British naval officer

Charles George Elers Napier (22 May 1812 – 20 December 1847) was a British naval officer.

==Early life==
Born Charles Elers, he was the second son of Lieutenant Edward Elers, RN and his wife Frances Elizabeth, née Younghusband. His uncle was George Elers. In 1815 his mother, now widowed, married Captain Charles Napier, the future admiral, who adopted her children as his own and gave them his name in addition to Elers. Charles Elers Napier entered the Royal Navy at the age of 12, his first ship being HMS Ganges.

==Career==
In 1830 he was assigned, with the rank of mate, to the frigate HMS Galatea, then commanded by his stepfather, remaining in her until she paid off in January 1832. Later that year he passed the examination for Lieutenant and was assigned to the gunnery school in HMS Excellent. When during Portugal's Liberal Wars his stepfather was appointed Admiral of the navy of Dom Pedro, he accompanied him as aide-de-camp, with the temporary rank of captain, and distinguished himself by his bravery in the fourth Battle of Cape St. Vincent (1833) in which the navy of Dom Miguel was defeated. When his stepfather's flagship came alongside the Miguelite ship-of-the-line Rainha, Elers Napier and one other officer were the first to board her and were then cut off as the ships yawed apart. Before reinforcements could come to their aid they were both severely wounded: Elers Napier had five serious and ten minor injuries, and owing to his head injuries from sabre cuts he was rendered partially deaf for the rest of his life. For his gallantry he was made a Knight of the Order of the Tower and Sword by Dom Pedro. After he recovered he was appointed by his father to command of the sloop Portuense, and then to the corvette Sibylle, in which he sailed to Madeira to demand the surrender of the Miguelite governor. Subsequently, the ship, renamed Eliza in honour of his mother, was engaged in blockade duties off the Portuguese coast.

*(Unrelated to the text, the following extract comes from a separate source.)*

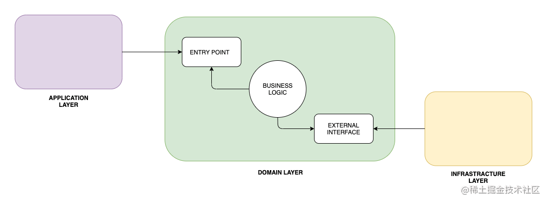 相反,我们要做的是将应用程序分为三层: **应用程序(外部),域(内部)和基础结构(外部)**:

After his return to England, Elers Napier served from 1836 to 1837 as a lieutenant in HMS Vernon in the Mediterranean. When the First Anglo-Chinese War broke out he was appointed to the command the brig-sloop HMS Pelican on the China Station. Being superseded in this command he was on shore in China for a period and then became aide-de-camp to Admiral Sir William Parker, taking part with him in the capture of Zhenjiang by scaling the walls on 21 July 1842. In late 1847, having been made post captain, he was appointed to the command of the steam frigate , joining her at Lisbon, but had been in her only a few weeks when, having left Gibraltar on course for Malta, she was wrecked at night in foul weather on the Sorelle Rocks off the island of Galita, with the loss of all but eight of her complement. Elers Napier had just given the order to lower the boats when he was washed overboard; his body was never found.